22 jun. 2013

Tip 10: Un buen conflicto

En el mismo momento que estacioné, empecé a escuchar los gritos:  voces ofuscadas que provenían de la manicuría de mi vecina Violeta, que quedaba a pocos metros de mi casa, en la ciudad de Ramat Gan.

No pude evitar ir a curiosear y me encontré con un cuadro donde una joven clienta  (pronto supe que se  llamaba Yael y estaba a punto de casarse) había elegido para el día de la boda, pintarse las uñas ni mas ni menos que de color amarillo y negro:  una amarilla y una negra, otra de nuevo amarilla y la siguiente negra... así quería que Violeta alternara los colores en sus manos, a la hora de lucir el vestido blanco.

Su madre y su inminente suegra, que la habían acompañado soñando con un tenue rosa perlado para la ocasión o con el color llamado "vía láctea" que da a las uñas la apariencia de perlas o estrellas, pusieron el grito en el cielo oponiéndose a capa y espada.   Y, como suele suceder en Israel, todas las damas presentes tenían una opinión para emitir y ninguna estaba dispuesta a callarse.

La empleada árabe que depilaba, indicó que un dorado suave sería mejor que el amarillo y no enfadaría a nadie.

Una señora mayor que esperaba que sus uñas pintadas de rojo se secaran,  miraba sus dedos largos y hermosos a pesar de la edad y alegaba que no había elegancia mayor que el púrpura en las manos de una mujer.

La mamá y la futura suegra de Yael,  sostenían con énfasis y a los gritos,  que el amarillo es el color de la envidia y que ese sentimiento -justamente- hay que tratar de alejarlo siempre y con mas razón- el día que se sube al altar.

Y la mismísima Violeta comentó en hebreo a la confundida novia que, si las pintaba con amarillo y negro, sus uñas lucirían como los taxis de la ciudad de Buenos Aires en Argentina, su país de origen.

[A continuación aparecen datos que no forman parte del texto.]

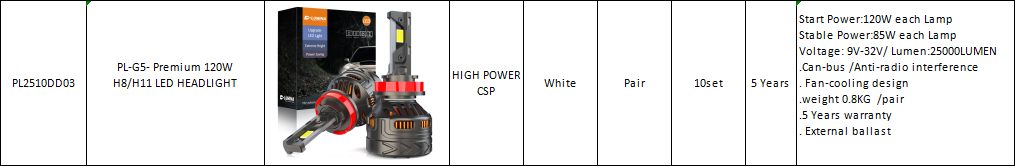 PL-G5- Premium 120W H8/H11 LED HEADLIGHT

Apenas asomé mi nariz al umbral del local de belleza y pregunté qué estaba pasando, todas -menos
la azorada Yael- hablaron al unísono tratando de imponer sus propias razones y al final, se hizo una suerte de brecha menos ruidosa y pidieron por fin mi opinión.   Entonces, como no sabía bien qué decir, vacilante, me dirigí a la novia:

-¿Y por qué elegiste esos colores?

El grupo esperó la respuesta, expectante.

-Son los del Betar Ierushalaim... su equipo de fútbol -dijo a punto de romper en llanto-.  
Quería darle una sorpresa.

Un silencio culpógeno e incómodo se instaló en el local, hasta que Violeta lo rompió abriendo ruidosamente el cajoncito donde guardaba sus mil y un esmaltes de Sherezada y eligió expeditiva
(sin que nadie diga ni "mu") un frasquito amarillo... y otro negro.

Tal como sucedió esa polémica tarde en la manicuría, en todo cuento, obra de teatro o película, 
los autores necesitamos un CONFLICTO. 

En mis Talleres surge reiteradas veces la inquietud:  ¿Cómo hacer para crear o inventar un buen conflicto?  

Una forma posible es la siguiente:  cuando uno de los personajes toma una determinación y alguien (padres, novia, maestro, cura, policía, etc) o  algo (una institución, la sociedad, la ley, una religión) intenta  impedir que lleve a cabo lo que se propuso.  Esa es una situación de conflicto básica. 

El CONFLICTO es el  alma mater de nuestra historia:  si nada sucede... ¿a quién le interesará saber qué pasó?  En próximas entradas iremos analizando situaciones de conflicto más complejas.

En tanto... ¿quién se anima a describir una situación de conflicto puntual y cotidiana, como la que atravesó Yael, donde un personaje decide hacer algo y otros tratan de impedírselo?